# Opening Morning



## mbarrett1379 (Feb 23, 2012)

Got out today and shot my first duck ever. Super exciting seeing ducks work my spread, been doing a ton of research and learning in the off season! I am hooked, would love to get out with some new guys this year! 

Me and my buddy downed three other birds but they disappeared when we got to them in the flooded millet/reeds. We couldn’t recover them after looking for over a half hour. Is this common for ducks to essentially drown themselves when they have been shot?

How’d everyone else do?


----------



## freyedknot (Apr 10, 2004)

yes it is. even in 25 fow. where did you hunt?


----------



## BaddFish (Jun 20, 2009)

That's the beauty of hunting with a good lab. I miss my yellow lab Beau badly... thats always the challenge of hunting without a dog- "taking shots that you truly think you can find the dead or half dead duck" Sky busters without dogs are truly idiots and just wasting game.
IMO- woodducks are programmed to dive if they are 5% alive - they are the culprits of "getting away" the most for me (before dog)
If ANY duck is falling with its head up- try shooting it again- if not, get there as fast as you can or odious. 
Welcome to the obsession- hardest part anymore is finding your own land without tons of other guys. Private swamps are precious and you should treat those landowners with a ham/turkey and card during the holidays!


----------



## InlandKid (Aug 29, 2006)

Went out in the evening, go set up about 330. Worked three groups of Woodies and missed on the second group. No mallards around so ended the day with two Drake's and one hen.


----------



## mbarrett1379 (Feb 23, 2012)

Nice!


----------



## InlandKid (Aug 29, 2006)

mbarrett1379 said:


> Nice!


What areas you hunting, public or private? I don't live too far from you, I'm in North Royalton.


----------



## mbarrett1379 (Feb 23, 2012)

I hunt both, more public tho.


----------



## InlandKid (Aug 29, 2006)

mbarrett1379 said:


> I hunt both, more public tho.


I'm hunt all public, some from shore some from a boat. Keep at it and you'll learn what places are better during certain times of the season and weather.


----------



## mbarrett1379 (Feb 23, 2012)

Sounds good, I do enjoy the public aspect tho better than private. It feels a lot more rewarding to be successful on public haha.


----------



## bdawg (Apr 14, 2009)

My advice after duck hunting for 3 years is to do a follow up shot right away if the bird is still moving at all before it even has a chance to dive and while it is still stunned from the initial hit. I've lost so many birds already. 

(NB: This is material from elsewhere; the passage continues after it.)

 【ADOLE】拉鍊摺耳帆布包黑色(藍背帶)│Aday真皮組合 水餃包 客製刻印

Send me a PM if you want to duck hunt. I have a small boat for inland lakes that have a ramp, some mallard and wood duck decoys, some field goose decoys, waders, and a layout blind. I suck at calling so far. Don't have any private land, and don't know any real good public land yet. Willing to try anywhere.


----------



## Mi-Mic-Kay (Jan 3, 2017)

BaddFish said:


> That's the beauty of hunting with a good lab. I miss my yellow lab Beau badly... thats always the challenge of hunting without a dog- "taking shots that you truly think you can find the dead or half dead duck" Sky busters without dogs are truly idiots and just wasting game.


Amen! I know everyone doesn't have the location, time, money etc. for a dog but at least try to keep your shots ethical! And if you are considering a dog but hesitant, get one! I've raised a half dozen upland dogs and this Lab (if I can do it, you can do it) and its all about obedience.

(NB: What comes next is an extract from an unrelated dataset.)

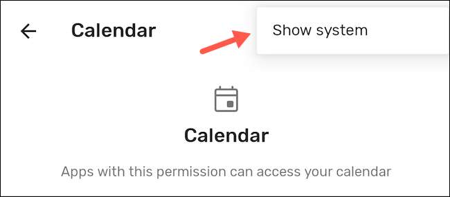 Por padrão, o Android não exibe aplicativos no nível do sistema nesta ferramenta. Para incluí-los como o resto dos aplicativos de terceiros, toque no ícone de menu de três pontos dentro de uma lista de permissão e selecione o botão "Mostrar sistema".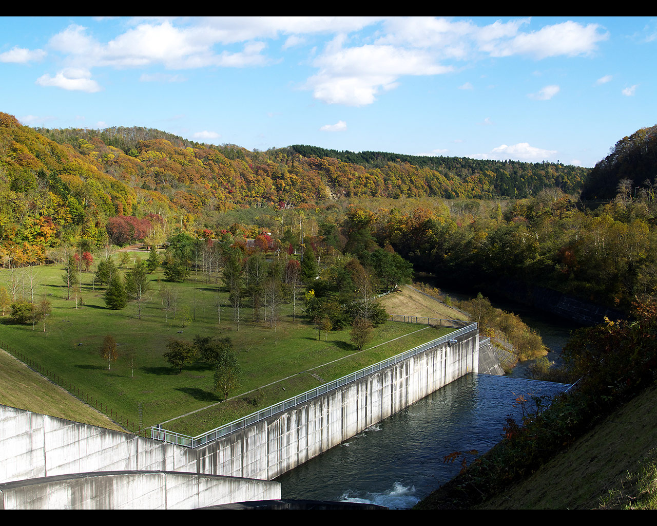 秋の桜公園と漁川ダム.春には桜でいっぱいになります.

My daughter and her fiancé bought this guy as a pup when they were living in apartment and I reluctantly ended up with him before he ate the entire apartment. Wasn't sure I'd have time for him but I taught him the basics for a year then returned him to them when they found there own place.
He hits the water like a cannonball and can out swim Michael Phelps! The excitement in his eyes and his drive to please his owner are the reasons I've hunted with dogs most of my life.

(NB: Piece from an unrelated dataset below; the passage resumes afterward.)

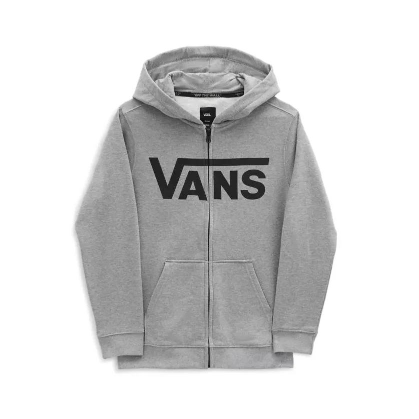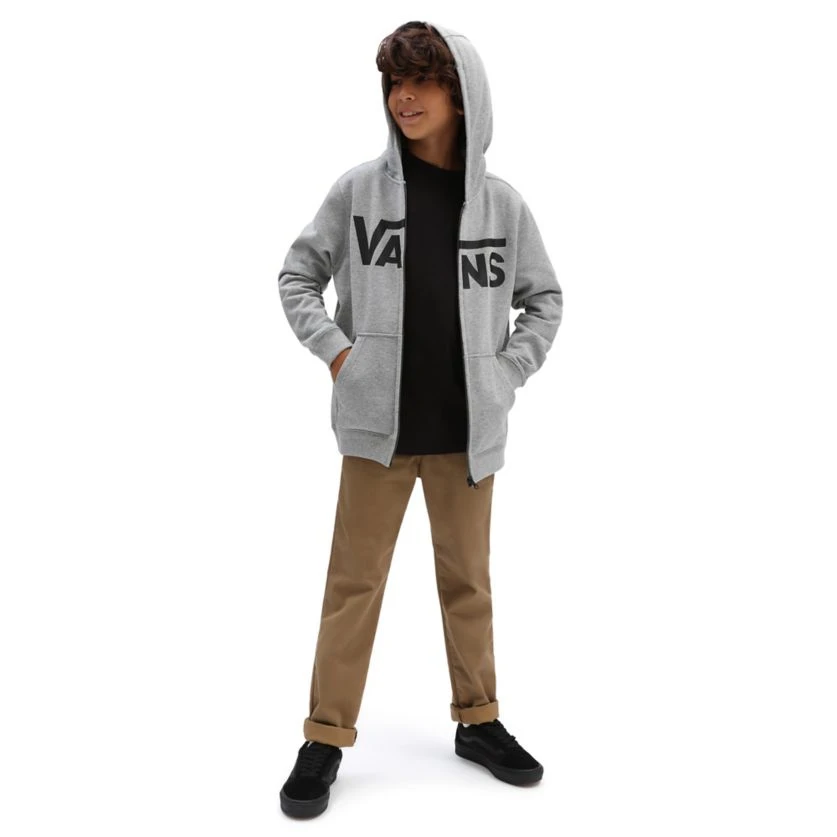 Lasten Classic Zip -hupparissa on pitkät hihat, etutaskut ja Vans-logo edessä.

My future son-in-law and his buddies sent me this picture yesterday. Looks like they kept him happy!


----------



## Wing Shooter (Feb 23, 2016)

2018102095095554 (1)




__
Wing Shooter


__
Nov 7, 2018











  








Duck Hunting




__
Wing Shooter


__
Nov 7, 2018







We've had a good first split two hunts we limited on mallards at the swamp but the woodies and teal that are normally there weren't. The flooded corn field would have been a limit filler but my second wood duck got up and flew off after I dusted it the first time.


----------